The ridge reflector 102 may serve to reduce or prevent electromagnetic wave signals from being transmitted laterally along the (antenna) plane 102 and/or parallel to the (antenna) plane 102.
In various embodiments, the antenna 100 may be further configured to direct a further electromagnetic wave signal in a further direction opposite the direction, wherein the further direction may also be at least substantially perpendicular to the plane. In other words, the antenna 100 may be a bi-directional antenna, and may be configured to direct electromagnetic wave signals in opposing directions, which are perpendicular to the antenna plane 104.
In the context of various embodiments, the phrases “a direction . . . substantially perpendicular to the plane” and “further direction . . . at least substantially perpendicular to the plane” may refer to directions that are exactly 90° to the plane and/or directions at angles that are slightly greater or less than 90° to the plane. The electromagnetic wave signals may occupy a space in the form of a cylinder or an inverted cone in an upward direction and/or a downward direction from (or relative to) the plane 104.
In various embodiments, the antenna 100 may further include one or more nanostructures, such as nanoparticles. In the current context, a nanostructure is a structure with each dimension (e.g. diameter and height) substantially equal to a value in the range of 200 nm or less. The one or more nanostructures may be arranged or provided in the space 106.
Each nanostructure may have electric type and magnetic type Mie resonances in the range of antenna operation.
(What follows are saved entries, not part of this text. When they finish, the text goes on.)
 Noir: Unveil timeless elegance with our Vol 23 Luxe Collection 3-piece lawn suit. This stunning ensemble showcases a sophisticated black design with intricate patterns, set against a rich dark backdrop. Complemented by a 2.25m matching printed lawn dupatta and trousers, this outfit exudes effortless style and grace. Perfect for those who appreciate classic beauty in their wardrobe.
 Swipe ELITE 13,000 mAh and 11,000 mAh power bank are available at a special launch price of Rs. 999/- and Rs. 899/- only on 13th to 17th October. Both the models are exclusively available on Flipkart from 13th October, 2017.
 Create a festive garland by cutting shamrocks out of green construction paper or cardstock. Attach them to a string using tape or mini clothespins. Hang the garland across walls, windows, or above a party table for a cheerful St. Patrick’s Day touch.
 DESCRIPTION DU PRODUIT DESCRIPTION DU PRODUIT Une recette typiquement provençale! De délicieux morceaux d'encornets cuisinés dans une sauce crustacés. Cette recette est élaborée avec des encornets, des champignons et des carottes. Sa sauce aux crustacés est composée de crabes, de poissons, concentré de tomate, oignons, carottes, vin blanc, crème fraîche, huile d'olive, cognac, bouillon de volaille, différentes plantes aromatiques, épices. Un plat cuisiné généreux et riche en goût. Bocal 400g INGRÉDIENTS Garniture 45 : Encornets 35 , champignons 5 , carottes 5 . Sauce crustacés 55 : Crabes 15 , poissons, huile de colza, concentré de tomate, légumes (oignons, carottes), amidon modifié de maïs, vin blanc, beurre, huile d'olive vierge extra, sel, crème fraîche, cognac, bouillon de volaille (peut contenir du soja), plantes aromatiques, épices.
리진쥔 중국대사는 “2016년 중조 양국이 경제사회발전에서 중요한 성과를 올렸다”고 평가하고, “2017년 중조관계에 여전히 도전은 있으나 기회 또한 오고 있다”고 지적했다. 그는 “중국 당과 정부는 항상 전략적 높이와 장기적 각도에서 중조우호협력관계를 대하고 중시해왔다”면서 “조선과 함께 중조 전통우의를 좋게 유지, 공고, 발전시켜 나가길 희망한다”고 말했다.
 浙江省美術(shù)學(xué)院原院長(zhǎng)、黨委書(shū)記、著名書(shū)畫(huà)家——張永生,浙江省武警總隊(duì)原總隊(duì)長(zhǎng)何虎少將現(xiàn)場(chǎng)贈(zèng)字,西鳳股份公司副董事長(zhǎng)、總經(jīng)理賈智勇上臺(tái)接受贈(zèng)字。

The nanostructures may be introduced to obtain a high luminescence enhancement.
Each of the one or more nanostructures may have a refractive index equal to or greater than 2. In various embodiments, the one or more nanostructures may include a semiconductor material, such as but is not limited to silicon (Si), silicon nitride (SiN), germanium (Ge), other Group IV semiconductors, a III-V semiconductor (e.g. gallium phosphide (GaP), gallium nitride (GaN), gallium arsenide (GaAs), indium phosphide (InP) or similar), different alloys, and any combination of materials with refractive index equal to or greater than 2. In various other embodiments, the one or more nanostructures may include a dielectric material, such as but is not limited to titanium oxide (TiO2), zinc oxide (ZnO).
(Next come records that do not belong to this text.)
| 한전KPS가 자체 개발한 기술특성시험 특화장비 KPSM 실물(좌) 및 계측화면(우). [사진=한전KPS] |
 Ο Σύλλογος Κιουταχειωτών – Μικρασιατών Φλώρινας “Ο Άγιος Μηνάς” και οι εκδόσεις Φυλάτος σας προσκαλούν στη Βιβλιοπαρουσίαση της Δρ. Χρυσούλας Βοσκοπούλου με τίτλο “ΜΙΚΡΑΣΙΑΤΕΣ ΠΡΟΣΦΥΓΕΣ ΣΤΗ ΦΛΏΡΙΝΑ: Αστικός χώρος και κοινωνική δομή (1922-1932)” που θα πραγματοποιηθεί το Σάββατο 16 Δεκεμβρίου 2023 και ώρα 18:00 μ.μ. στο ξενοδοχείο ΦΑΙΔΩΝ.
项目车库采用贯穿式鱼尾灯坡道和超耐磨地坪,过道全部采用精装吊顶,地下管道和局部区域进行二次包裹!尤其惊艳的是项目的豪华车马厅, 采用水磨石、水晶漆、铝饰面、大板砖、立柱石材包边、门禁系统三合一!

In the context of various embodiments, the phrase “one or more nanostructures” may refer to a single nanostructure, i.e. the one or more nanostructures may consist of a single nanostructure. In the context of various other embodiments, the phrase “one or more nanostructures” may refer to a plurality of nanostructures. In other words, one or more nanostructures may consist of one nanostructure, or may include a plurality of nanostructures.
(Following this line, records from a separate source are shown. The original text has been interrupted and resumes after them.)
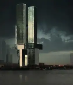 The location of the proposed skyscraper was chosen for its derelict structures; it was donated by the city to the developers.
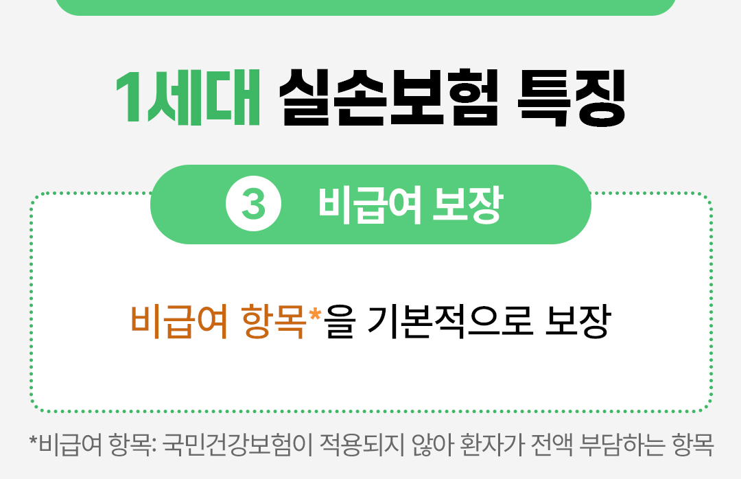 비급여 항목을 보장한다는 것도 1세대 실손보험의 강점 중 하나인데요. 비급여 항목이란 국민건강보험이 적용되지 않아 환자가 의료비 전액을 부담해야 하는 항목을 말합니다. 1세대 실손보험은 이와 같은 비급여 항목을 보장하기 때문에 혜택이 많죠.
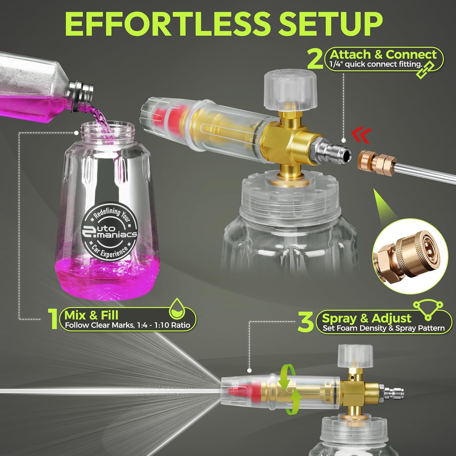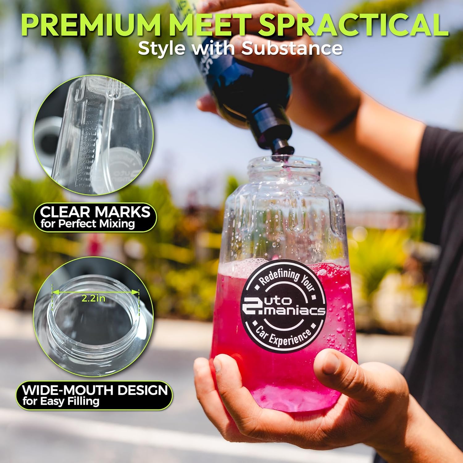 - ๐โจ ๐๐ถ๐ด๐ต-๐ฃ๐ฟ๐ฒ๐๐๐๐ฟ๐ฒ & ๐จ๐ป๐ถ๐๐ฒ๐ฟ๐๐ฎ๐น ๐๐ถ๐--REQUIRES pressure washer (Not Garden Hose). The 1/4" Quick Connector works with all major pressure washer brands, while the wide-mouth design makes refilling car soap a breeze. Leak-proof seals keep your workspace tidy, and the transparent bottle with measurement lines ensures perfect soap ratios โ whether you're using a car wash foam cannon for the first time or are a seasoned detailer.
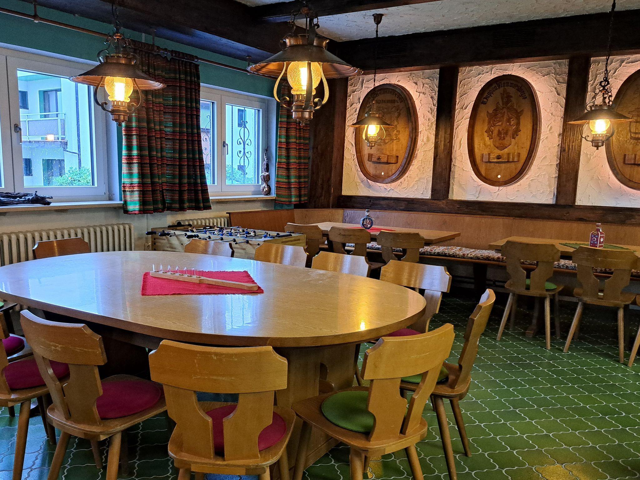 An die Küche anschließend befindet sich ein großer Gemeinschaftsraum. Zusätzlich bieten wir eine Kegelbahn, eine Tischtennisplatte, einen Tischkicker, einen großen Fernseher, eine Dartscheibe, sowie diverse Familienspiele.
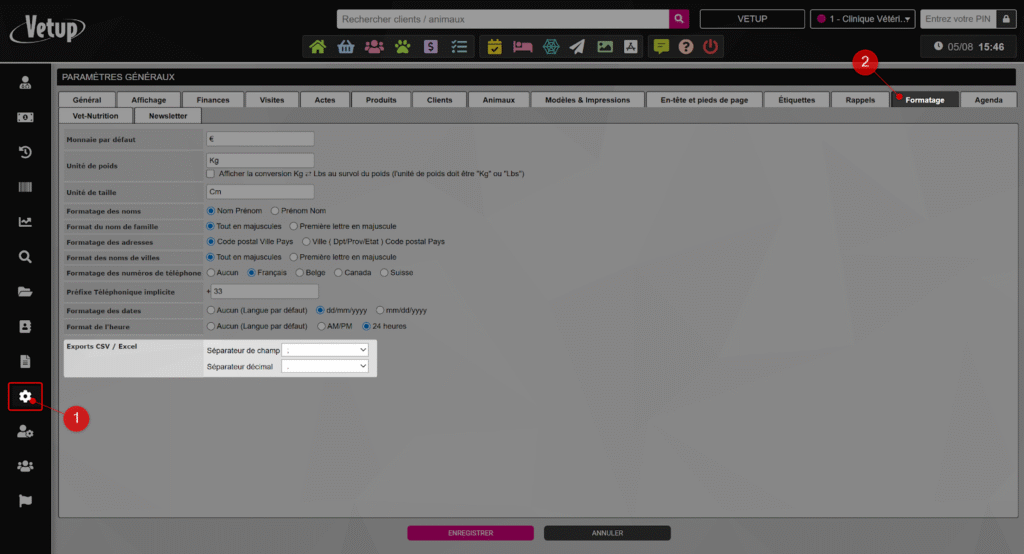 Vetup vous permet de personnaliser le séparateur de colonnes et le séparateur décimal utilisés dans les fichiers CSV. Ce paramétrage est essentiel pour garantir une lecture correcte de vos exports dans le logiciel tableur utilisé en clinique (Excel, LibreOffice, Google Sheets, etc.).
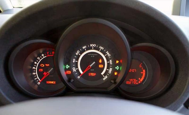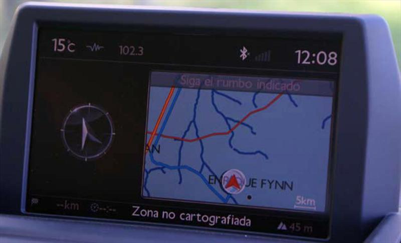De los instrumentos, el velocímetro tiene mayor volumen que el tacómetro, que a su vez es más grande que la tercera esfera para temperatura y combustible. El pomo de la palanca de cambios es metálico. Muy agradable la consola central con los controles de aire y sonido y sobre ella, ya en la plancha, tres generosas toberas direccionables.
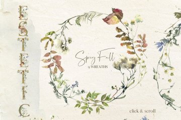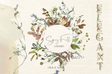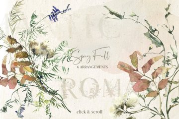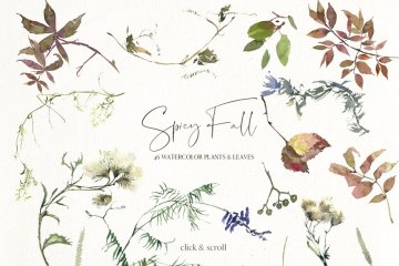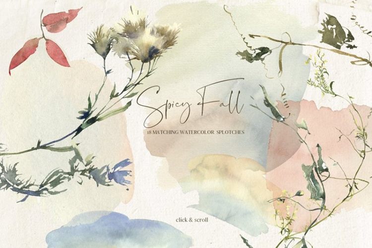 图穷联素材库 » 秋天花卉植物剪贴画 Spicy Fall Watercolo
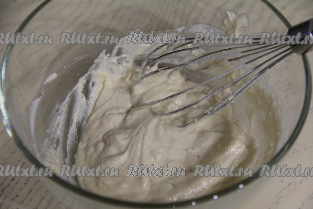 Добавляя частями оставшуюся муку и полностью вмешивая её, замесить тесто, напоминающее по консистенции в меру густую сметану, как на фото.
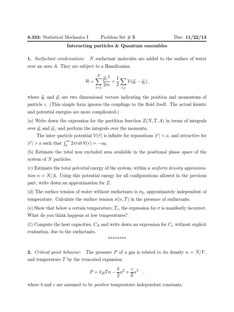 8.333 Statistical Mechanics I: Statistical Mechanics of Particles
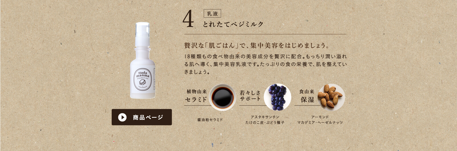 水、グリセリン、プロパンジオール、ホホバ種子油、トリ(カプリル酸/カプリン酸)グリセリル、スクワラン、ペンチレングリコール、シイタケエキス、スイセンジノリ多糖体、アーモンド油、マカデミア種子油、ヘーゼルナッツ油、ニンジン根エキス、野菜油、アスタキサンチン、ブドウ種子エキス、野菜油、アスタキサンチン、ブドウ種子エキス、マルトデキストリン、キハダ樹皮エキス、アンゲリカフルシジュガ花/葉/茎エキス、シソ葉エキス、加水分解ダイズエキス、豆乳発酵液、キビ芽エキス、ハトムギ種子エキス、コメエキス、デキストリン、ガゴメエキス、モウソウチクたけのこ皮エキス、セラミドAP、セラミドNP、PEG-60水添ヒマシ油、ニュウコウジュ油、ベルガモット果実油、ノバラ油、マカデミアナッツ脂肪酸フィトステリル、トコフェロール、ジステアリン酸ポリグリセリル-3メチルグルコース、水添ナタネ油アルコール、BG、カルボマー、水酸化K、カプリルヒドロキサム酸、1,2-ヘキサンジオール、カプリリルグリコール
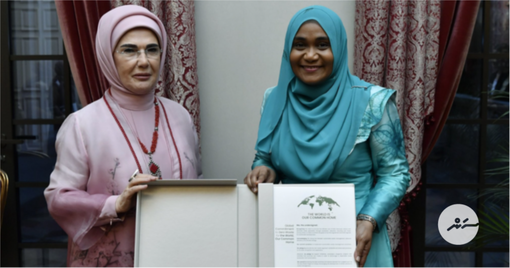 އެ ބައްދަލުވުމަށްފަހު ތުރުކީގެ ފަސްޓް ލޭޑީ އެމީން އެކްސްގައި ކުރެއްވި ޕޯސްޓެއްގައި ވަނީ ކުނި މަދުކުރުގެ މަސައްކަތްތަކަށް ޚާއްސަކޮށްފައިވާ ގްލޯބަލް ޒީރޯ ވޭސްޓް ގުޑްވިލް ޑިކްލެރޭޝަންގައި ސާޖިދާ ސޮއި ކުރެއްވުމުން އެކަމަށް ޝުކުރު އަދައިކުރައްވައިފައެވެ.

In various embodiments, individual nanostructures of the plurality of nanostructures may be made of the same material.
In various embodiments, individual nanostructures of the plurality of nanostructures may be made of different materials. For instance, a first nanostructure of the plurality of nanostructures may include a first material such as silicon, while a second nanostructure of the plurality of nanostructures may include a second material such as zinc oxide.
In various embodiments, the plurality of nanostructures may be of the same size/diameter. In various other embodiments, the plurality of nanostructures may be of different sizes or may be of different diameters. For instance, a diameter of a first nanostructure of the plurality of nanostructures may be greater than a diameter of a second nanostructure of the plurality of nano structures.
In various embodiments, the plurality of nanostructures may be of the same shape. In various other embodiments, the plurality of nanostructures may be of different shapes. A nanostructure may, for instance, be cylindrical, cuboidal, prismatic, or spherical, or may be of any other suitable shape.
In various embodiments, the one or more nanostructures may be a plurality of nanostructures arranged in an ordered manner, e.g. in an ordered array or lattice, or may be arranged in a disordered arrangement. In the current context, an ordered array or lattice may mean that the array or lattice has a fixed period, i.e. the distance between neighbouring nanostructures may be substantially the same.
Various embodiments may provide an assembly including the antenna 100 as described herein and the at least one electromagnetic wave source. The at least one electromagnetic wave source may include fluorophores, quantum dots, dyes etc.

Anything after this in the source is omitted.